## RECORD EXCERPTS
((
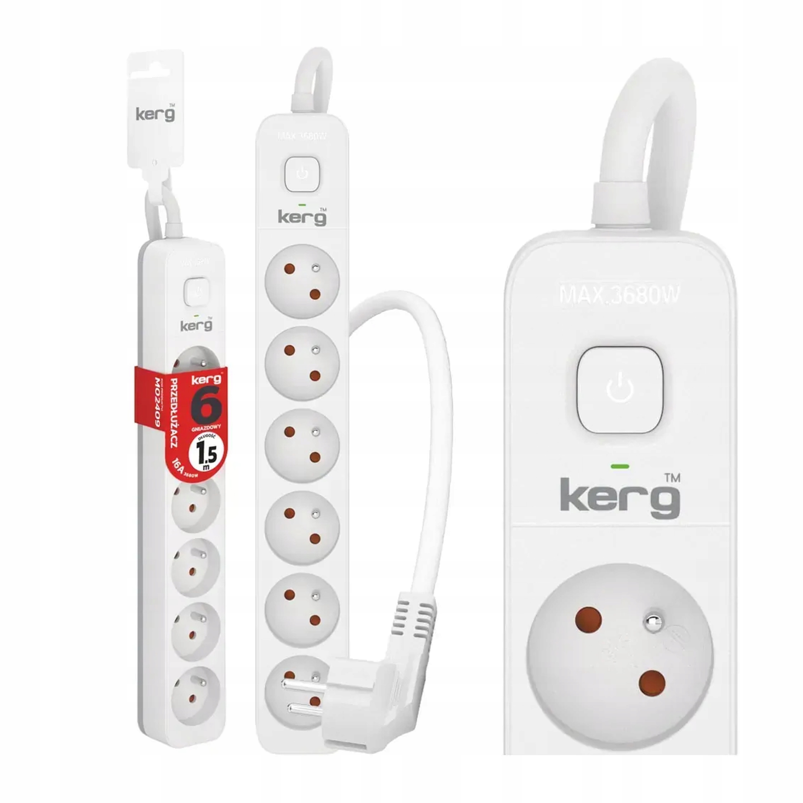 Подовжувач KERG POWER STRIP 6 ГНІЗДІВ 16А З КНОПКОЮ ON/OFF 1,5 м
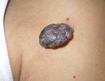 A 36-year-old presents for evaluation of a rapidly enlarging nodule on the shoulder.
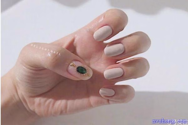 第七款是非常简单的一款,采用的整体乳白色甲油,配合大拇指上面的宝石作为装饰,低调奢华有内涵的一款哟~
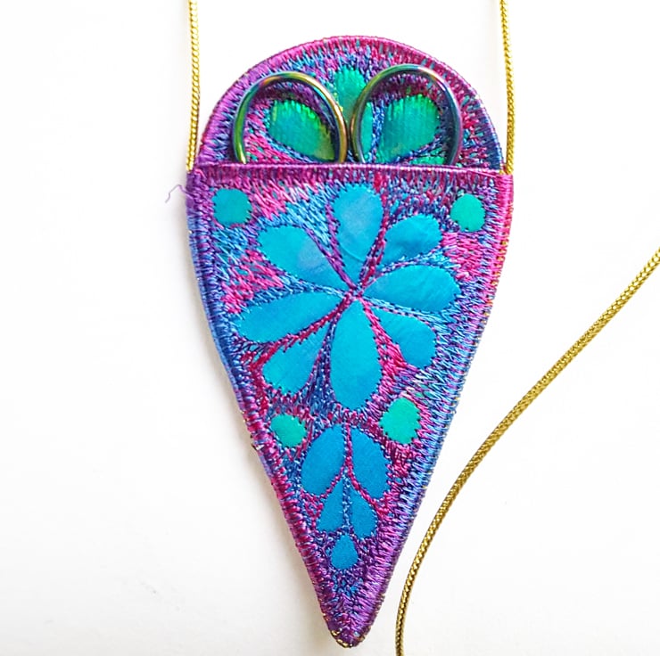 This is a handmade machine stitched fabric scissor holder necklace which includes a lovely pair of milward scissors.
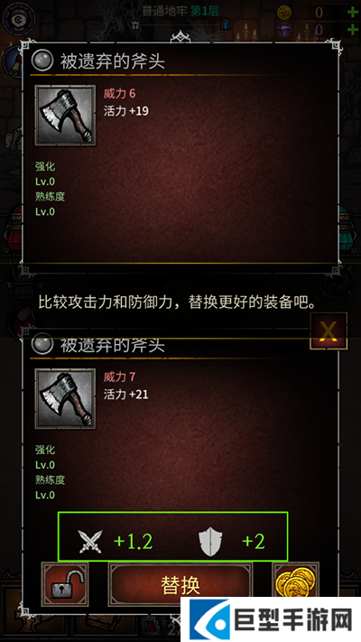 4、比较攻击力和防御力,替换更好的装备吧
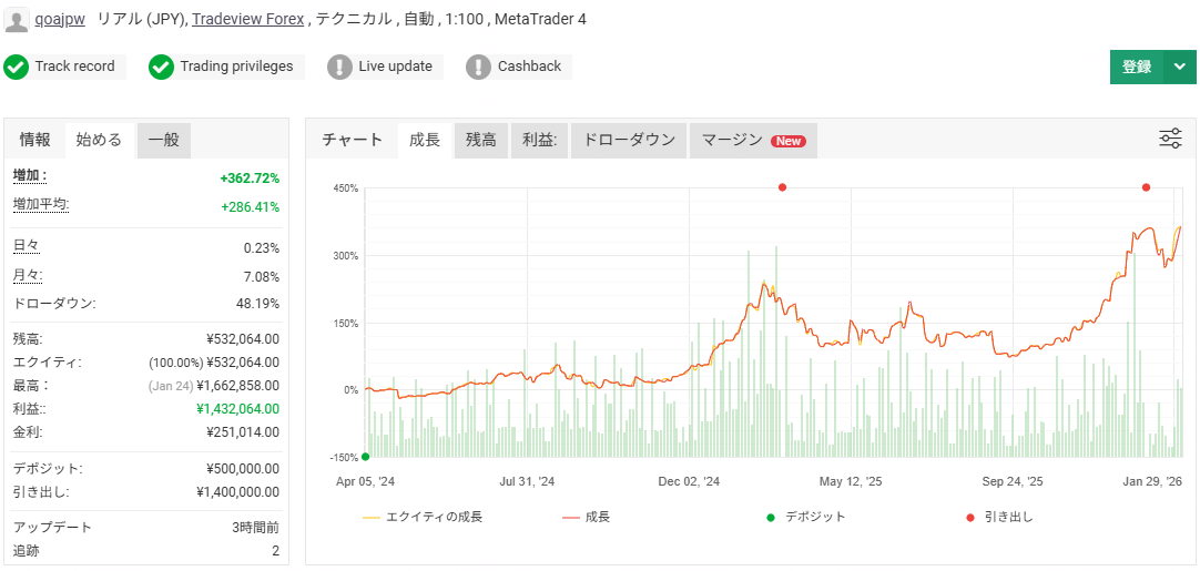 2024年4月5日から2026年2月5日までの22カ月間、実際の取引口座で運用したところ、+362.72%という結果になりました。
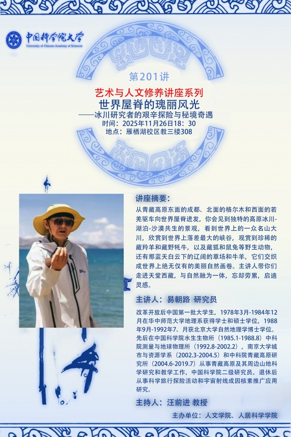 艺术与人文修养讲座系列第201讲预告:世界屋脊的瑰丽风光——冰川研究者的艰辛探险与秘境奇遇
))
((
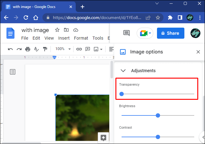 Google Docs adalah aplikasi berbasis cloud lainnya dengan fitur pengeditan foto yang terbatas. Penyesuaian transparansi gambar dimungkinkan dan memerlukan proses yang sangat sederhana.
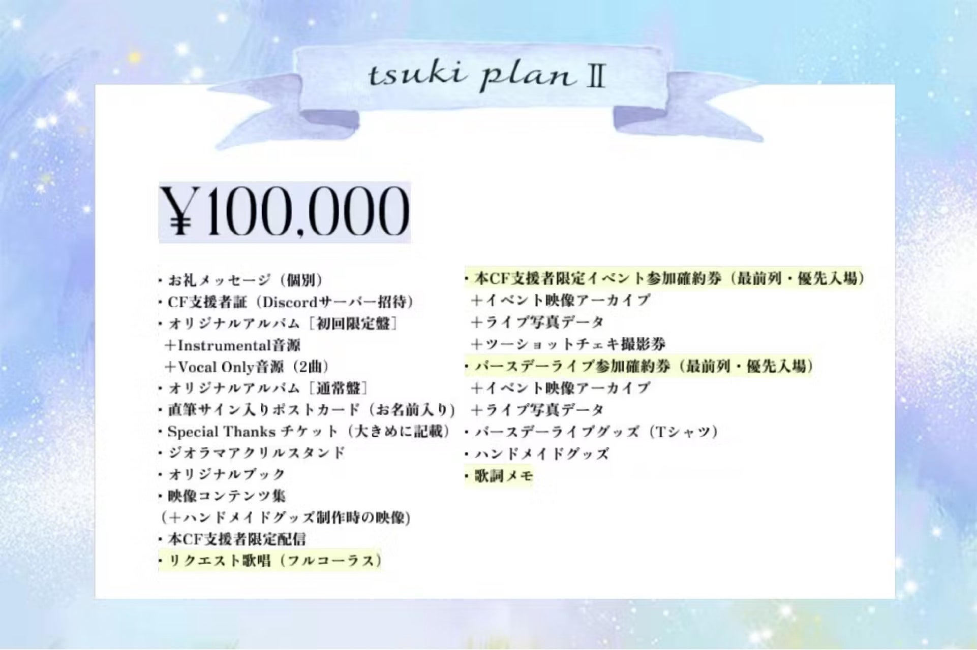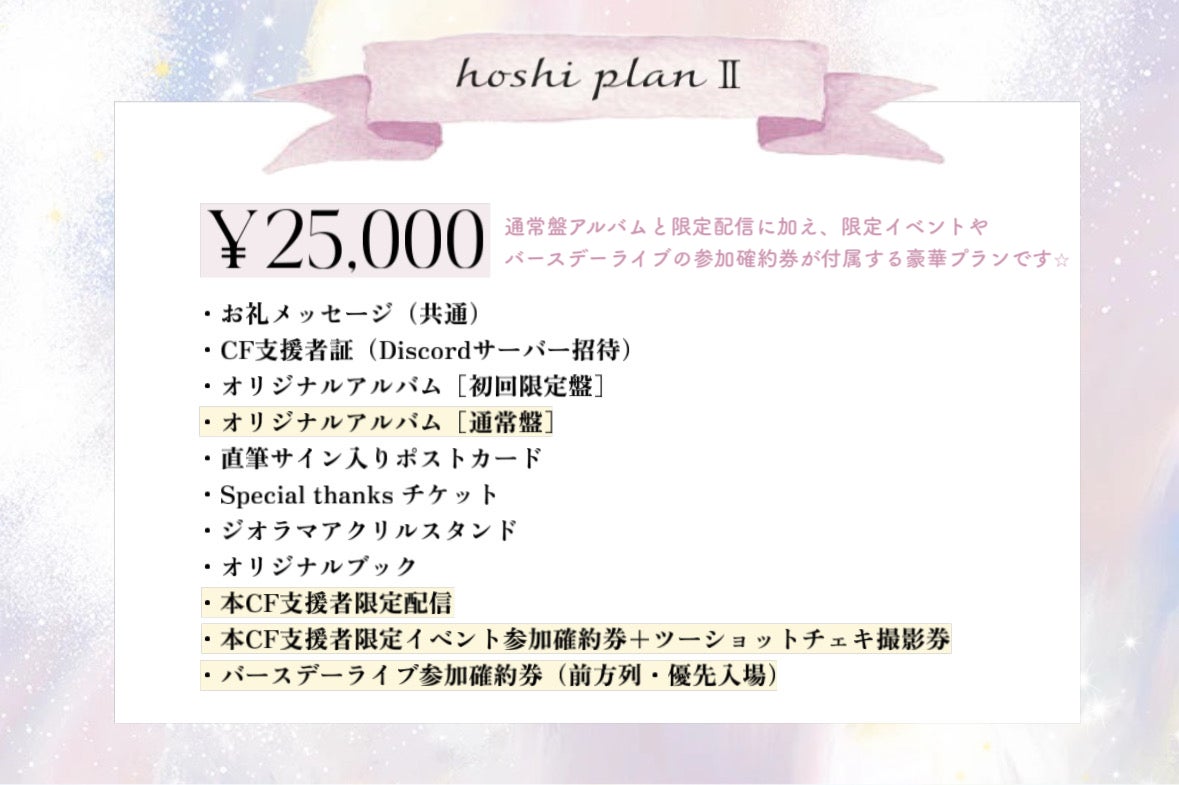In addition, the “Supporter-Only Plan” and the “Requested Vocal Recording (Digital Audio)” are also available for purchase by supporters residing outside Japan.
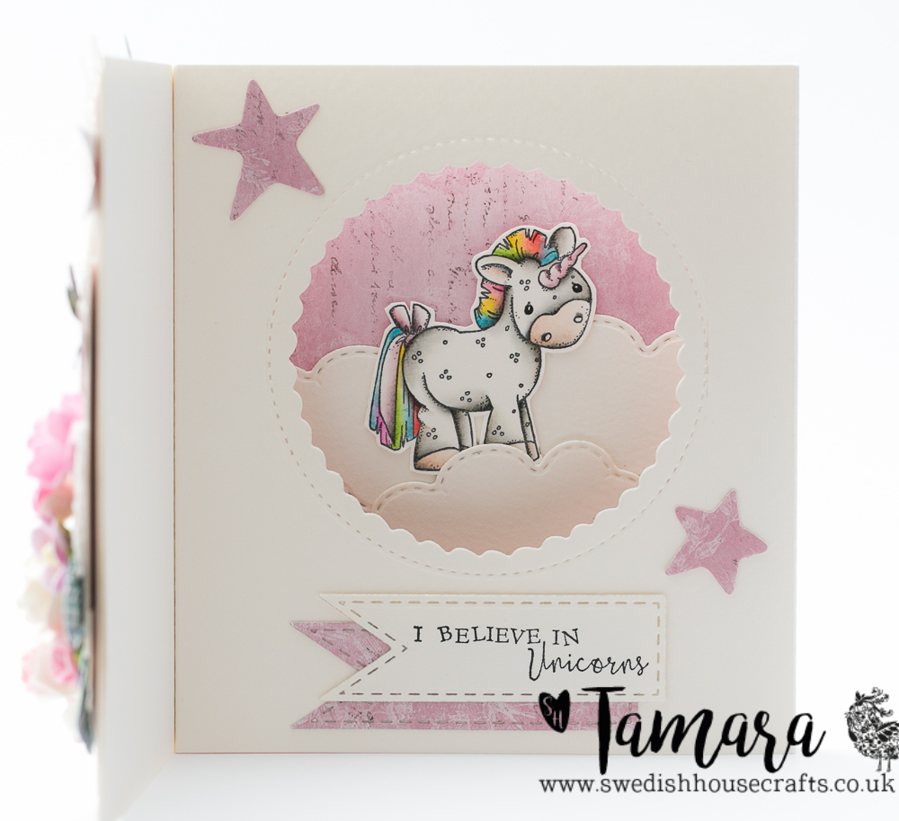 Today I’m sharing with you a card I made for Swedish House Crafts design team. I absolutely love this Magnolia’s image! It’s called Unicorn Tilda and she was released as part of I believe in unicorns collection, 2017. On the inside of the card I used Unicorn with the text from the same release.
))
## DIRECTIONS
In the listing above, find the line with "4、比较攻击力和防御力,替换更好的装备吧" and the line with "艺术与人文修养讲座系列第20". Set down both and every line between them, minus the pictures.

## RESPONSE TO THIS TASK
 4、比较攻击力和防御力,替换更好的装备吧
 2024年4月5日から2026年2月5日までの22カ月間、実際の取引口座で運用したところ、+362.72%という結果になりました。
 艺术与人文修养讲座系列第201讲预告:世界屋脊的瑰丽风光——冰川研究者的艰辛探险与秘境奇遇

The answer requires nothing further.